Warning: the following rant could be caused by my idiocy, more than by Amarok's fault. See comments.

I have been using Amarok as music player even since I had first contact with it. I was really delighted with its capabilities, and everything was intuitive and useful in its UI. That was until version 1.4.x.

Version 2.0 was an almost complete rewrite of the code, and as such many things changed. The UI suffered a large redesign, in my opinion for worse... but that's just an opinion. There are, however, other issues that are facts, not opinion. Amarok 2.0 lacked many of the features of Amarok 1.x, as the developers themselves admitted (not much room to deny). Fine, I have no problem with that. It is understandable: until version 2.x things will not settle down. The only problem is that Linux distros (at least Ubuntu) adopted Amarok 2.0 almost immediately, leaving us users with a broken toy. Not nice.

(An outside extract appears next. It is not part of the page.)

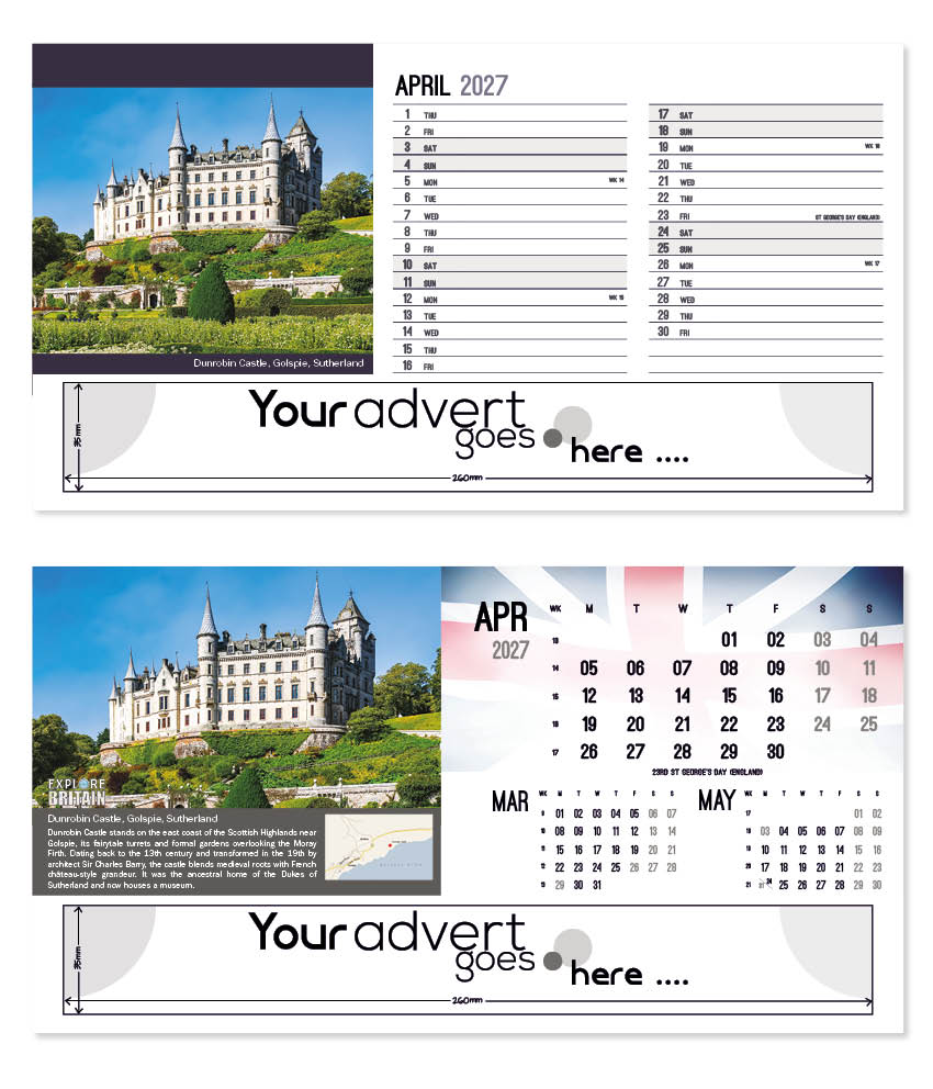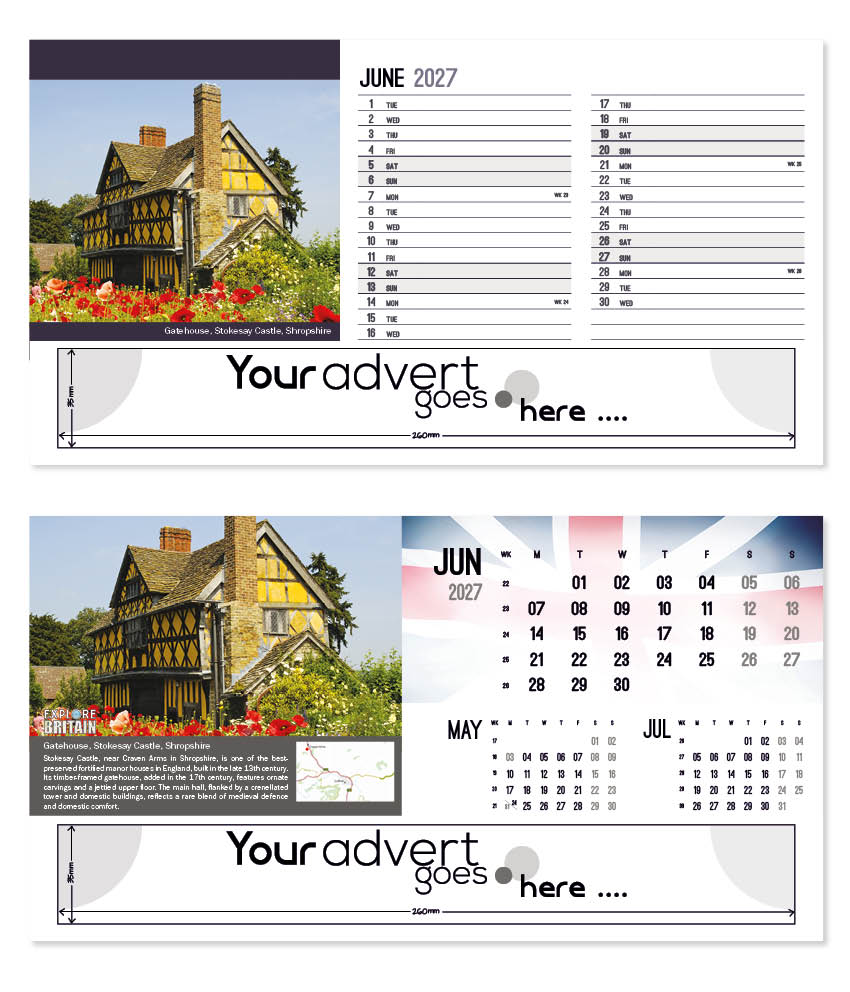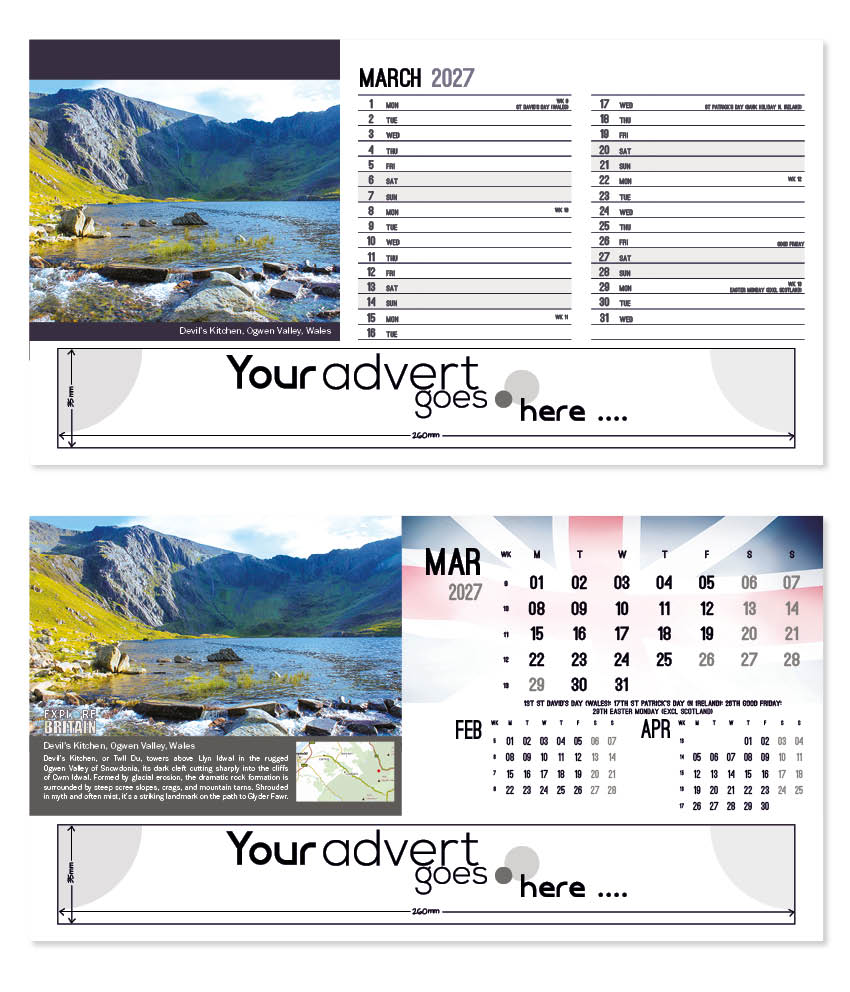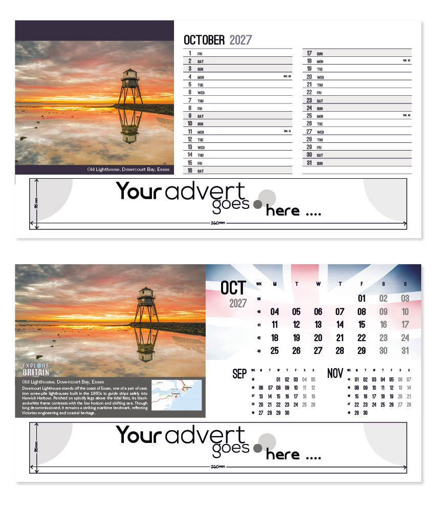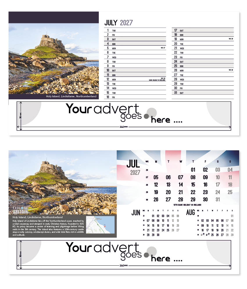 Each calendar comes with an advert section. It is this section that we replace with your personalised company advert that either we design for you, or you supply to us. This section can be seen on our range’s images titled “Your advert goes here”.

My latest gripe with Amarok? I run Ubuntu 9.10 at work (Amarok 2.2.0), and latest Arch at home. In the latter, I just updated Amarok 2.2.1 to 2.2.2 in the weekend (Arch is much more up to date than Ubuntu, since it's based in almost bleeding-edge rolling releases). Well, unlike Amarok 2.2.1 before (or Amarok 2.2.0 at work), the new Amarok 2.2.2 does not have an option for random play. Yes, you read correctly. There is no way I know of to avoid playing all the songs in the playlist in the exact order (in principle, alphabetical) they are laid on. In older versions, you could play songs or albums randomly. With 2.2.2, they lost this capability. Amazing feature regression, if you ask me.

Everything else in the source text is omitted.